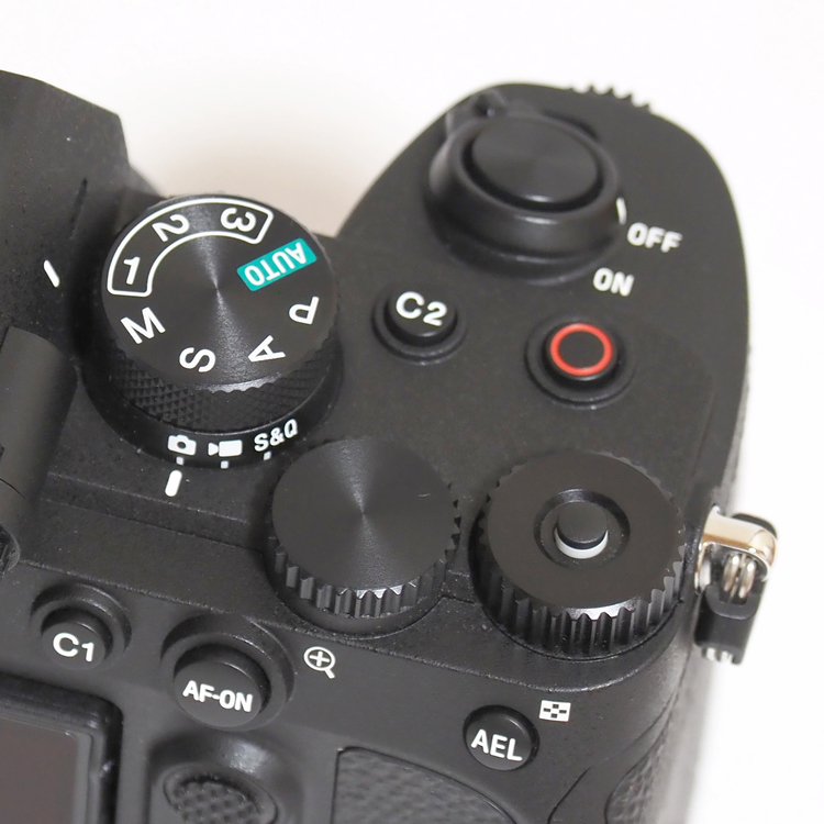 カメラ右肩部分、露出補正ダイヤルの刻印がなくなり、露出補正以外の機能が割り当て可能になりました。これは歴代αを通して初めてのこと。筆者は露出補正の単位を0.5EVに設定しているため従来の0.3EV刻みのみで機能する露出補正ダイヤルは全く出番がなく使っていませんでした。それだけにこの変更は嬉しいもので早速ISO感度を割り当てたところ、従来、ボタン+ダイヤル操作で行なっていたISOの変更がダイヤル単独で出来るようになり、操作性の大幅アップにつながりました。ダイヤルロック機構が備わっているため勝手に設定が変わってしまう事もありません。ちなみに露出補正はその左隣の後ろダイヤルに割り当てて使っています。
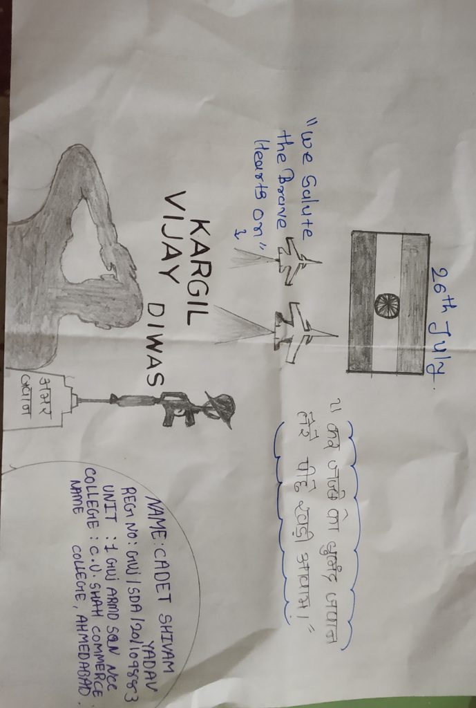 I cadet shivam yadav from 1 Gujarat armd sqn ncc ahmedabad. Upload a painting 26th july kargil vijay divas. #jay hind
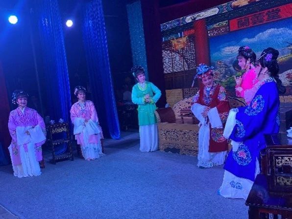 在与剧团负责人的交谈中,党员们了解到,宁波市鄞州姜山翻石渡村越剧团由一群热爱越剧文化,关心越剧发展的文艺爱好者和文艺骨干组成,现有团员42人,基本年龄30岁以上。自成立以来,已经排练了《梁山伯与祝英台》、《五女拜寿》等经典曲目20场,编排上演折子戏若干,创作出了《乡恋》、《情韵》等新型作品,深受观众好评。作为“鄞州区天天演文化惠民工程”演出团队,翻石渡村越剧团经常被邀请到各地开展文化走亲活动,为建设文明村庄增添了丰富色彩,也为创建“文化示范村”奠定了良好的基础。
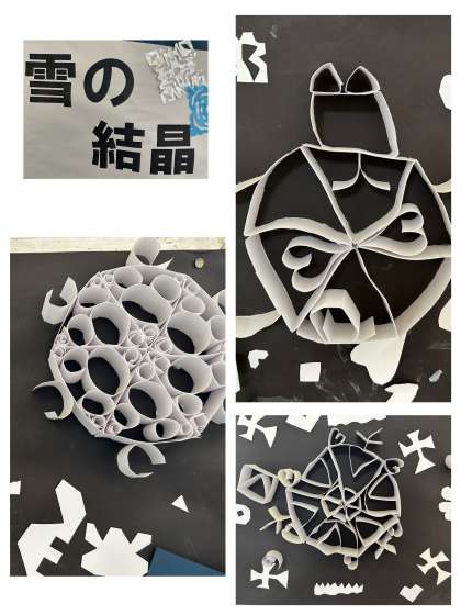 3年生の図工の学習で作った作品です。画用紙でいろいろな形を作り雪の結晶を表現しています。
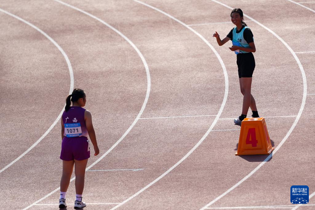 12月12日,在女子12-15岁组400米预赛第3组比赛前,西藏队选手丁增朗增(右)和广西队选手符心田交流。

──────

• TASK INSTRUCTIONS
Reproduce the span beginning at the line with "I cadet shivam" and ending at the last line of the entries above, inclusive, exactly as it stands. Exclude the pictures.

• SOLVED PROBLEM
 I cadet shivam yadav from 1 Gujarat armd sqn ncc ahmedabad. Upload a painting 26th july kargil vijay divas. #jay hind
 在与剧团负责人的交谈中,党员们了解到,宁波市鄞州姜山翻石渡村越剧团由一群热爱越剧文化,关心越剧发展的文艺爱好者和文艺骨干组成,现有团员42人,基本年龄30岁以上。自成立以来,已经排练了《梁山伯与祝英台》、《五女拜寿》等经典曲目20场,编排上演折子戏若干,创作出了《乡恋》、《情韵》等新型作品,深受观众好评。作为“鄞州区天天演文化惠民工程”演出团队,翻石渡村越剧团经常被邀请到各地开展文化走亲活动,为建设文明村庄增添了丰富色彩,也为创建“文化示范村”奠定了良好的基础。
 3年生の図工の学習で作った作品です。画用紙でいろいろな形を作り雪の結晶を表現しています。
 12月12日,在女子12-15岁组400米预赛第3组比赛前,西藏队选手丁增朗增(右)和广西队选手符心田交流。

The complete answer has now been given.